How Reliable are the Birth Certificate Variables for Mothers with Medicaid Coverage?

How Reliable are the Birth Certificate Variables for Mothers with Medicaid Coverage?

Data from Three Recent Federal Evaluations
Published: May 21, 2021
Publisher: Urban Institute
Associated Project

The Mother and Infant Home Visiting Program Evaluation (MIHOPE)-Strong Start

Time frame: 2012-2017

Prepared for:

U.S. Department of Health and Human Services, Administration for Children and Families, Office of Planning, Research, and Evaluation


Embry M. Howell

Justin W. Morgan

Caitlin Cross-Barnet

Elizabeth Potamites

Birth certificate data, collected for every birth in the United States, are frequently used for public health research.
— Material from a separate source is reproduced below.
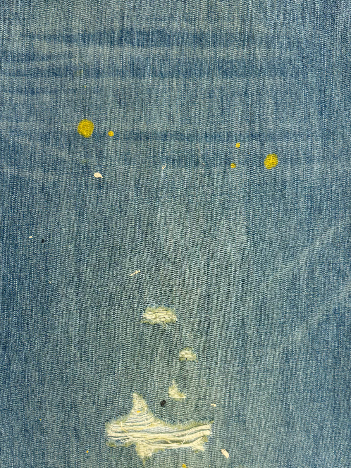 7.5 Oz 2x1 twill shirting weight denim. The fabric specification is 16x16, adopting a light indigo color reminiscent of vintage denim.

Such data have been used to track progress toward the Healthy People 2020 maternal and child health goals and to analyze socioeconomic disparities in health outcomes. A new Standard Certificate of Live Birth was issued in 2003, and all states had adopted the new form by 2015. This brief presents data on the reliability of some data collected using the new birth certificate form, particularly variables critical for studying disparities in maternal and child health outcomes for women with Medicaid coverage at delivery. We evaluate six variables; three variables were new additions on the 2003 birth certificate (Medicaid enrollment at birth, prepregnancy body mass index, and breastfeeding initiation), and the other three variables have shown to be unreliable but are of significant policy research interest (prepregnancy smoking, diabetes, and hypertension).